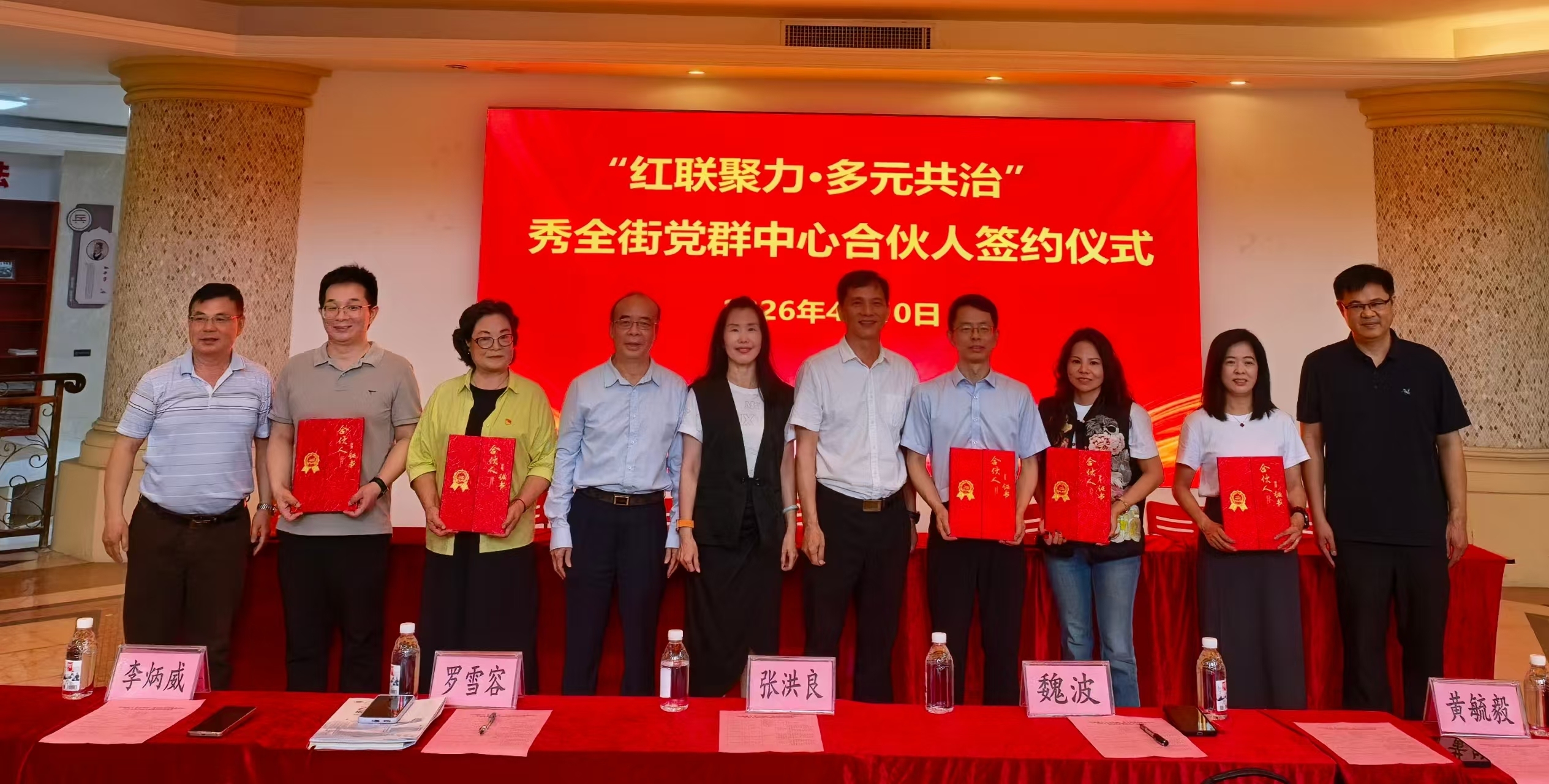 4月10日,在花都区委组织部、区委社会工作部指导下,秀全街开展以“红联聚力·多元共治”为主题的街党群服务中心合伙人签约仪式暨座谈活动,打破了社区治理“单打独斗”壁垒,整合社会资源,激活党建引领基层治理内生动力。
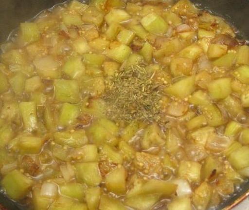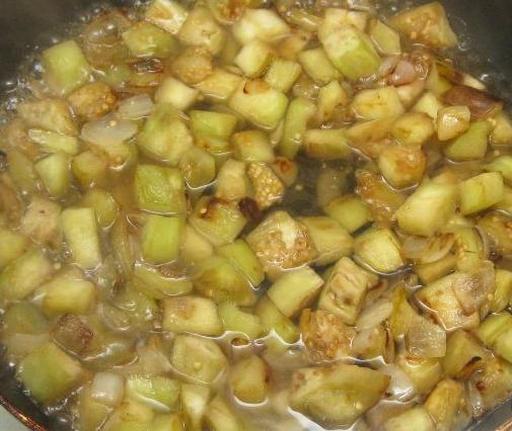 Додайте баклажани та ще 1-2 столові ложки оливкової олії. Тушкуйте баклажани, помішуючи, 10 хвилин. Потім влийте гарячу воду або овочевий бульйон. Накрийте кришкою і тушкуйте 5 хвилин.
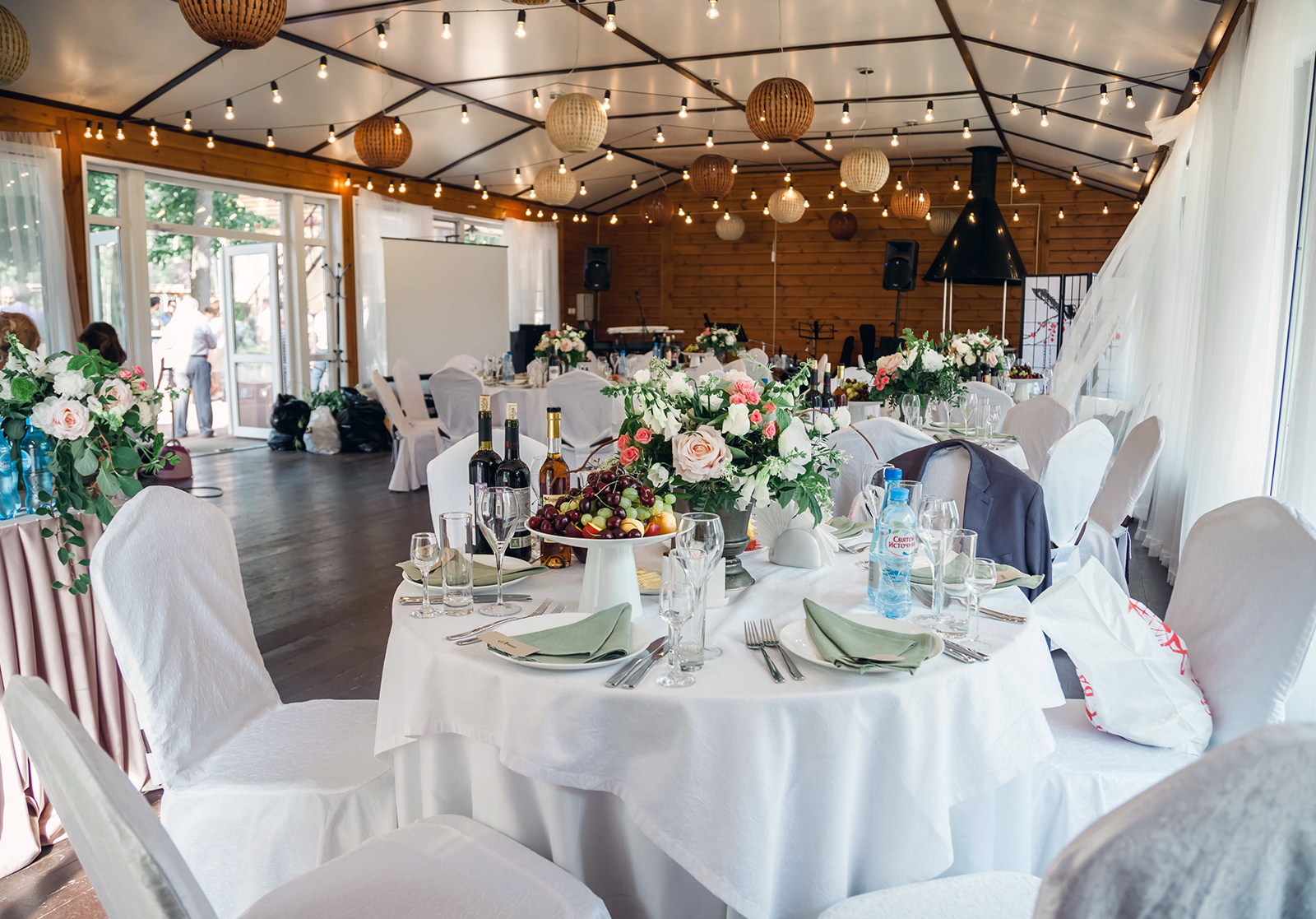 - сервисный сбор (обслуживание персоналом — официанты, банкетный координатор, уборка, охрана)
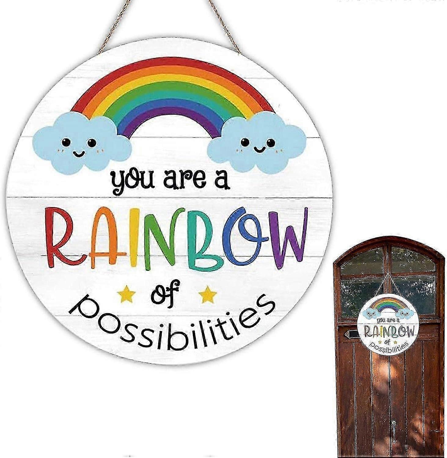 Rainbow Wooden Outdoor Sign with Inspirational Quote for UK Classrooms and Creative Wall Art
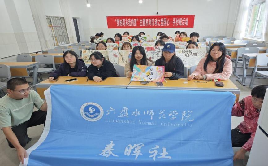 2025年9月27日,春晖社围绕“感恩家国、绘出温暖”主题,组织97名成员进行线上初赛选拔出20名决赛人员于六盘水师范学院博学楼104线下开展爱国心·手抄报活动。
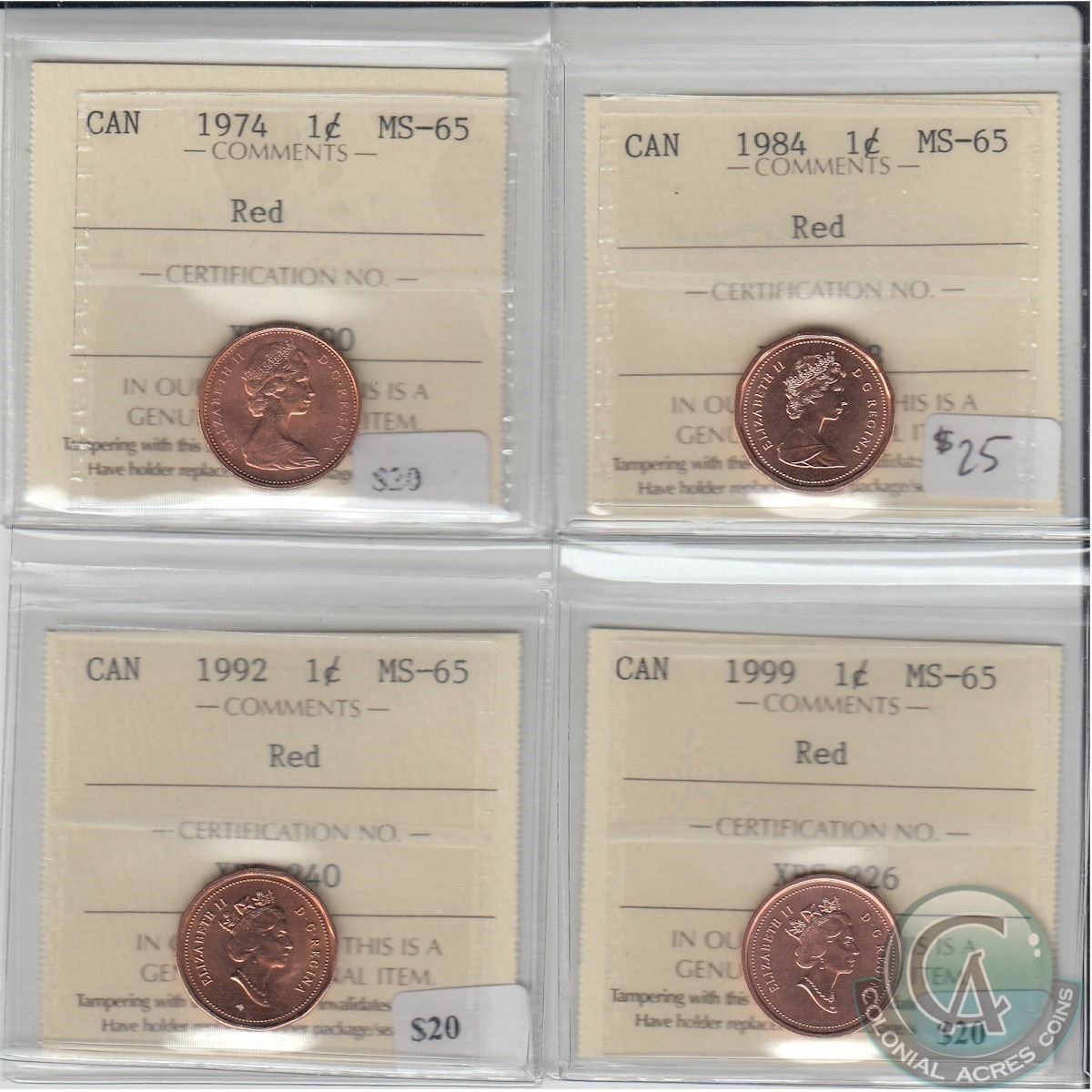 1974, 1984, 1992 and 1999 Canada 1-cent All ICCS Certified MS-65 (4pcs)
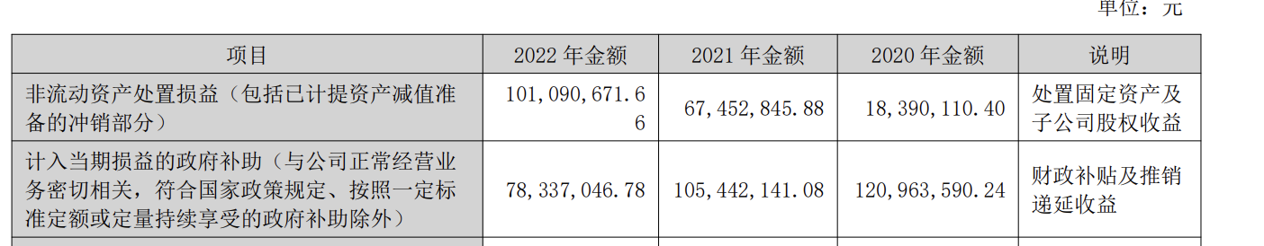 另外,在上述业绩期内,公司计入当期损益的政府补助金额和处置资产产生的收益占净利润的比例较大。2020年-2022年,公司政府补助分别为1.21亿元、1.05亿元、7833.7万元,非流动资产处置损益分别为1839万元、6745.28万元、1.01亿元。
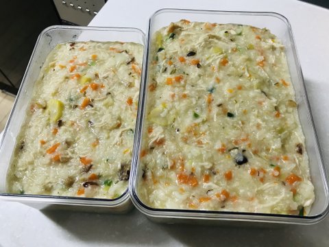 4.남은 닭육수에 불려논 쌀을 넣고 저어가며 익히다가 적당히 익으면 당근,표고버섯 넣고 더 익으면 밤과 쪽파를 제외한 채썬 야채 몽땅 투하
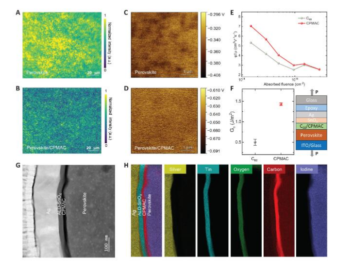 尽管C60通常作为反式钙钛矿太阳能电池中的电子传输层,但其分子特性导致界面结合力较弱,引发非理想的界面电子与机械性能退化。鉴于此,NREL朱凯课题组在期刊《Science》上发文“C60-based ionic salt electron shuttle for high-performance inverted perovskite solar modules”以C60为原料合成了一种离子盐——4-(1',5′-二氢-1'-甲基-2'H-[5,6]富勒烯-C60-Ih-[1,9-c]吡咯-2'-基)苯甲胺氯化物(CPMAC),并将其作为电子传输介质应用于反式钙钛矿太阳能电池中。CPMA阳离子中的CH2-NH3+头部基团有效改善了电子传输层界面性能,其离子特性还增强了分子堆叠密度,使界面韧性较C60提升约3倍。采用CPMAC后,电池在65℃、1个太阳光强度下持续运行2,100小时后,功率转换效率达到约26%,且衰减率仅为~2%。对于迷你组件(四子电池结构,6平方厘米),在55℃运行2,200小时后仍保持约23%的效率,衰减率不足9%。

= PROBLEM TO WORK ON =
Pictures are to be left out. Everything else in the records above gets repeated exactly.

= RESPONSE AREA =
 4月10日,在花都区委组织部、区委社会工作部指导下,秀全街开展以“红联聚力·多元共治”为主题的街党群服务中心合伙人签约仪式暨座谈活动,打破了社区治理“单打独斗”壁垒,整合社会资源,激活党建引领基层治理内生动力。
 Додайте баклажани та ще 1-2 столові ложки оливкової олії. Тушкуйте баклажани, помішуючи, 10 хвилин. Потім влийте гарячу воду або овочевий бульйон. Накрийте кришкою і тушкуйте 5 хвилин.
 - сервисный сбор (обслуживание персоналом — официанты, банкетный координатор, уборка, охрана)
 Rainbow Wooden Outdoor Sign with Inspirational Quote for UK Classrooms and Creative Wall Art
 2025年9月27日,春晖社围绕“感恩家国、绘出温暖”主题,组织97名成员进行线上初赛选拔出20名决赛人员于六盘水师范学院博学楼104线下开展爱国心·手抄报活动。
 1974, 1984, 1992 and 1999 Canada 1-cent All ICCS Certified MS-65 (4pcs)
 另外,在上述业绩期内,公司计入当期损益的政府补助金额和处置资产产生的收益占净利润的比例较大。2020年-2022年,公司政府补助分别为1.21亿元、1.05亿元、7833.7万元,非流动资产处置损益分别为1839万元、6745.28万元、1.01亿元。
 4.남은 닭육수에 불려논 쌀을 넣고 저어가며 익히다가 적당히 익으면 당근,표고버섯 넣고 더 익으면 밤과 쪽파를 제외한 채썬 야채 몽땅 투하
 尽管C60通常作为反式钙钛矿太阳能电池中的电子传输层,但其分子特性导致界面结合力较弱,引发非理想的界面电子与机械性能退化。鉴于此,NREL朱凯课题组在期刊《Science》上发文“C60-based ionic salt electron shuttle for high-performance inverted perovskite solar modules”以C60为原料合成了一种离子盐——4-(1',5′-二氢-1'-甲基-2'H-[5,6]富勒烯-C60-Ih-[1,9-c]吡咯-2'-基)苯甲胺氯化物(CPMAC),并将其作为电子传输介质应用于反式钙钛矿太阳能电池中。CPMA阳离子中的CH2-NH3+头部基团有效改善了电子传输层界面性能,其离子特性还增强了分子堆叠密度,使界面韧性较C60提升约3倍。采用CPMAC后,电池在65℃、1个太阳光强度下持续运行2,100小时后,功率转换效率达到约26%,且衰减率仅为~2%。对于迷你组件(四子电池结构,6平方厘米),在55℃运行2,200小时后仍保持约23%的效率,衰减率不足9%。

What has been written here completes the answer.